# Clarrie Hall Dam - Saturday Morning Surface Sesh - 21/042007



## Guest (Apr 18, 2007)

Was wondering if anyone would be interested in a trip to Clarrie Hall Dam on Saturday morning.

Do some surface fishing early before the sun hits the water, and then switch to casting cranks, plastics and maybe a troll for some Bass.

I've never fished the Dam there before am have been keen to do a trip for a long time.

I was thinking of getting down there pretty early, 4:30 maybe so there would still be an hour or more of darkness, fish surface for a couple of hours before looking at other options.

Anyone interested in joining me? Ben how bout you mate?


----------



## Dodge (Oct 12, 2005)

Dallas said:


> I was thinking of getting down there pretty early, 4:30 maybe so there would still be an hour or more of darkness, fish surface for a couple of hours before looking at other options.
> 
> Anyone interested in joining me?


Dallas it may be worth ringing the Murwillumbah Tourist Authority as I think CH is gated and you may not get access as early as you hope.

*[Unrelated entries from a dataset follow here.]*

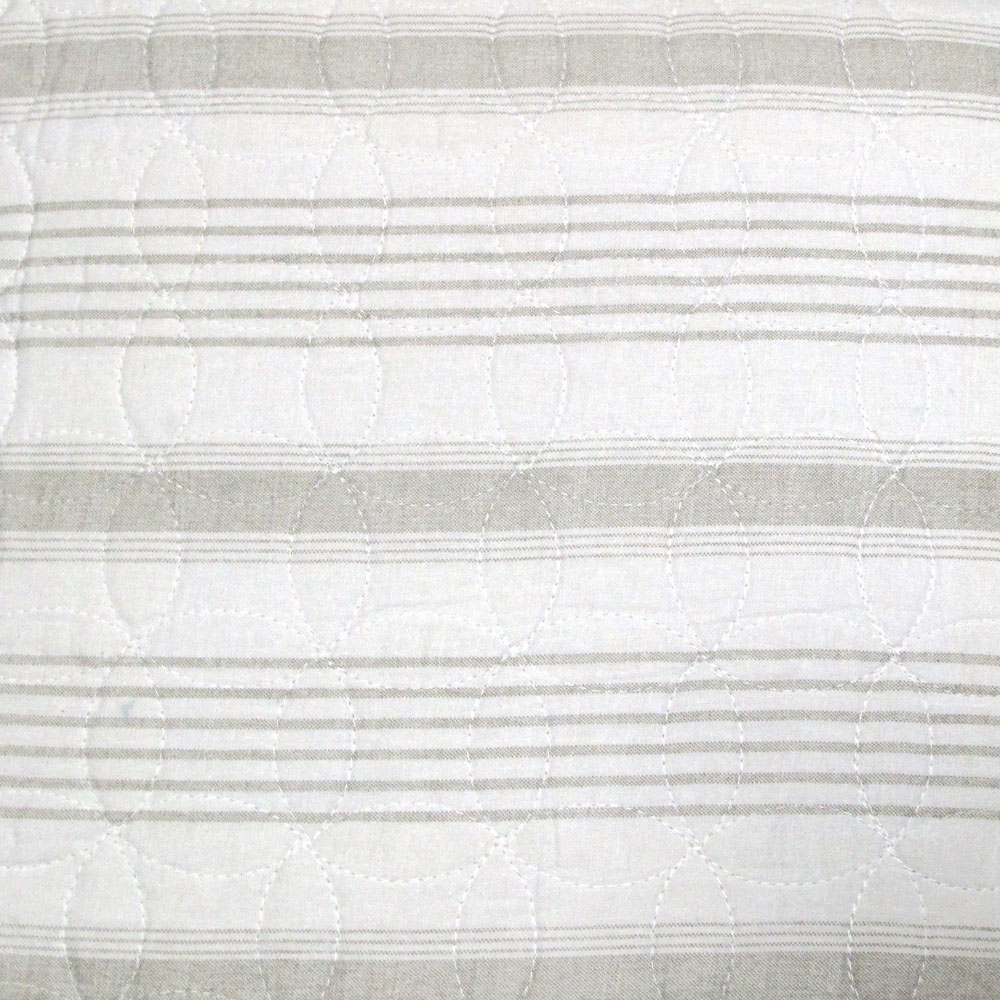 The Regatta Stone 100% Cotton Quilted Quilt Cover Set by Brighton Road is a lovely set that features a stylish print striped design and quilted circle link pattern in soft tones of Stone and White. It is made from quality 100% cotton fabric and pure cotton fill that is soft against your skin. Set is quality made with tailored edging on the pillowcases.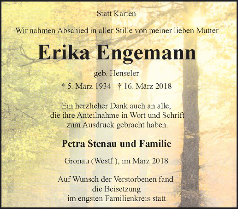 Hier finden Sie alle Traueranzeigen aus der Zeitung, die bisher für Erika Engemann erschienen sind. Weitere Traueranzeigen, die in der Zeitung erscheinen, werden hier ebenfalls aufgelistet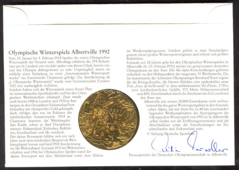 Németország 1992. "Téli olimpia - Albertville" Ffm bélyeges érmés borítékon, elsőnapi bélyegzővel T:1 hátoldali ismertetővel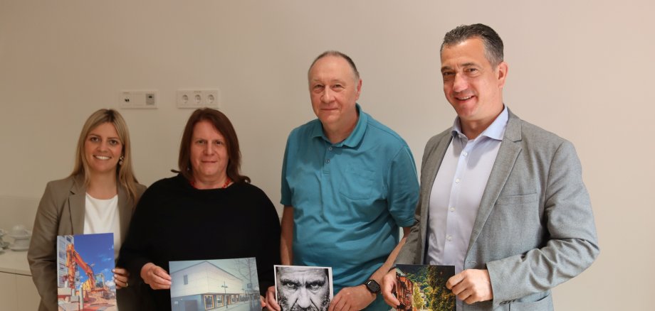 Foto: Von den Fotos, mit denen sich der neue ehrenamtliche Stadtfotograf Michael Schneider (2.v.r.) bewarb, sind Nathalie Herberger (links), Franziska Blum-Gabelmann und Emanuel Letz begeistert.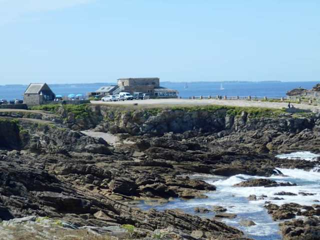 Das kleine Restaurant befindet sich an der Rue du Vivier auf dem Beg-er-Goalennec, einem Felsvorsprung, der sich an der Ostküste der Halbinsel über der Atlantikküste erhebt. Die Aussicht von hier ist phantastisch.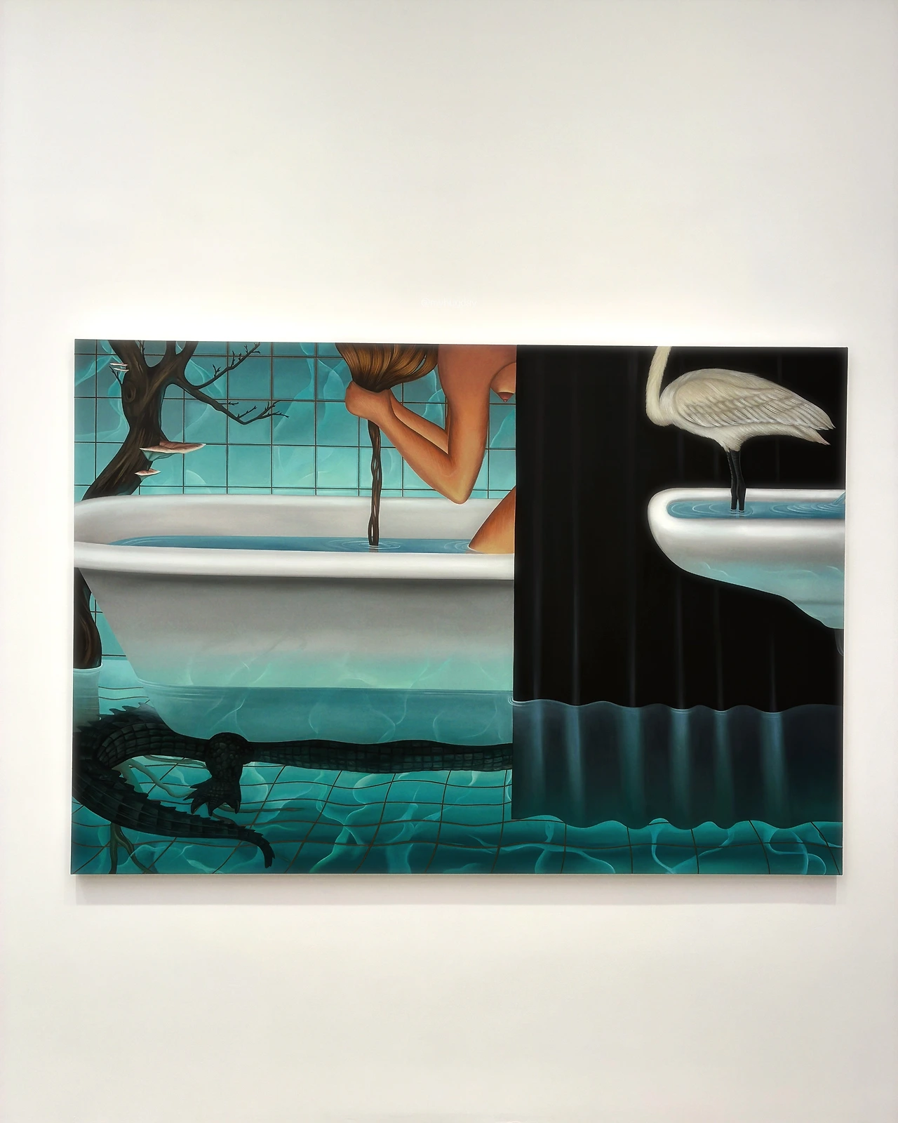 하나의 캔버스 안에 공간이 분리된 듯한 연출을 만들어낸 아래 두 작품 역시 굉장히 상징적이고도 감각적이다. 작가가 영화 미술 쪽 일을 했었어도 두각을 드러냈을 것 같다는 생각이 든다.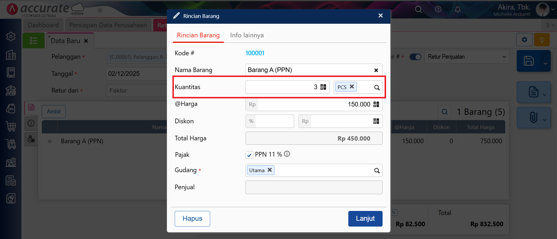 - Selanjutnya klik pada baris barang yang sudah ada pada formulir Retur Penjualan, lalu edit pada bagian Kuantitas, kemudian klik Lanjut.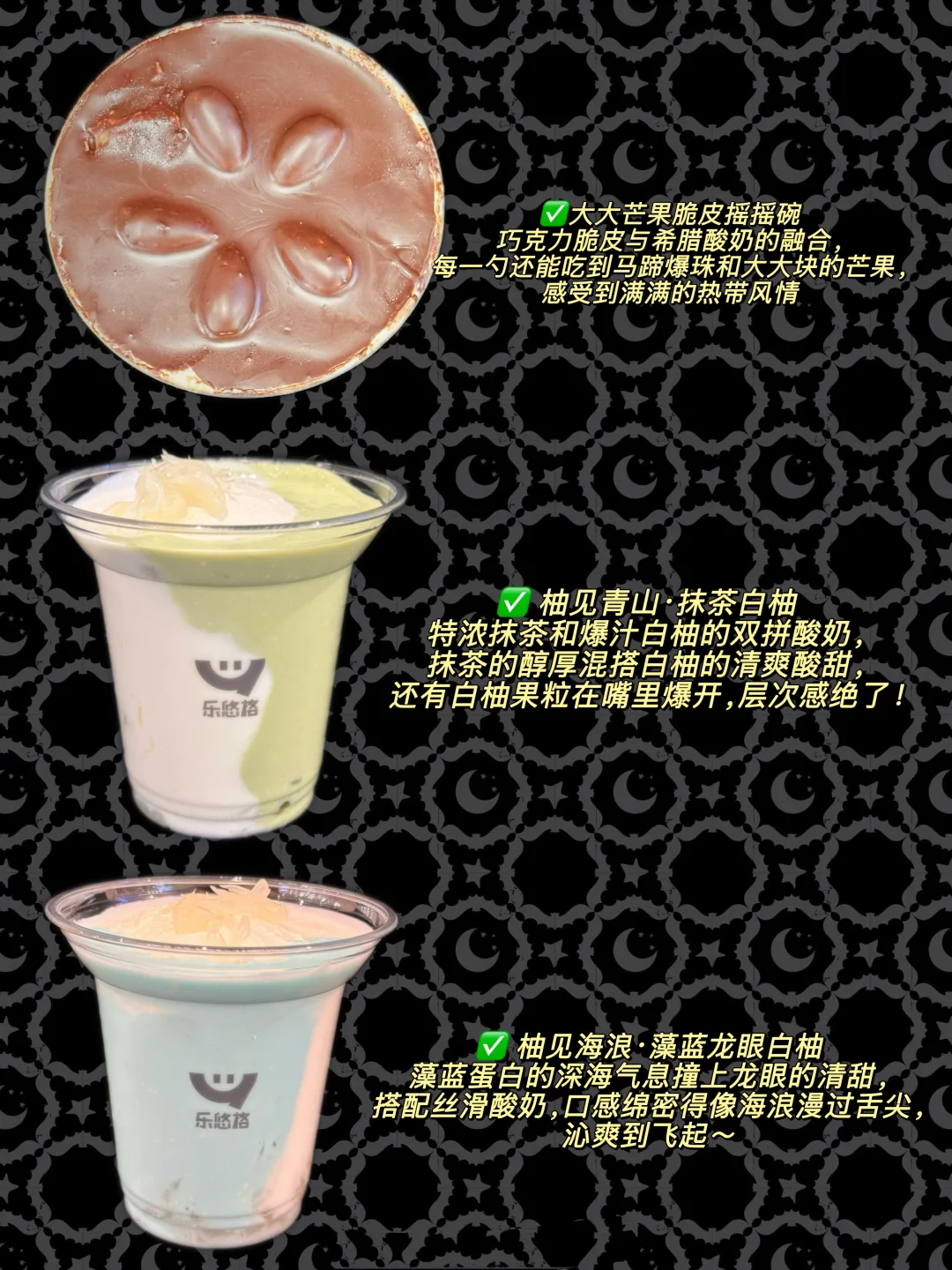 家人们谁懂啊!最近发现的这家「乐悠格」酸奶店,新品鸳鸯酸奶系列也太绝了吧!每一杯都戳中我的味蕾,忍不住来给你们疯狂安利~ ✅ 柚见青山·抹茶白柚 特浓抹茶和爆汁白柚的双拼酸奶,抹茶的醇厚混搭白柚的清爽酸甜,还有白柚果粒在嘴里爆开,层次感绝了! ✅ 柚见海浪·藻蓝龙眼白柚 藻蓝蛋白的深海气息撞上龙眼的清甜,搭配丝滑酸奶,口感绵密得像海浪漫过舌尖,沁爽到飞起~ ✅大大芒果脆皮摇摇碗 巧克力脆皮与希腊酸奶的融合,每一勺还能吃到马蹄爆珠和大大块的芒果,感受到满满的热带风情 而且每杯里面都有5.0you蛋白冷cui希腊云朵酸奶,口感丝滑到犯gui!建yi1小时内冷藏饮用,风味绝绝子~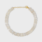 Beautiful iridescent rainbow moonstone shaped into faceted cut gemstones that are hand cut and hand strung with silk. This type of cut brings out the natural sparkle and shine in this crystal. Rainbow moonstones supports us in transformation and new beginnings. This bracelet is finished in 14 karat gold hardware and chain.

Good luck but I have my grandaughter on the coast so am committed to other activities


----------



## Guest (Apr 18, 2007)

Didnt think about the gate issue.

Although, the gate on the spillway end of the dam is fairly close to the water I think?......I reckon a 2 man carry job would be easy enough and get us on the water before opening


----------



## Fishing Man (Oct 4, 2006)

Hey Dallas,

would have come along mate but i have to work :evil:


----------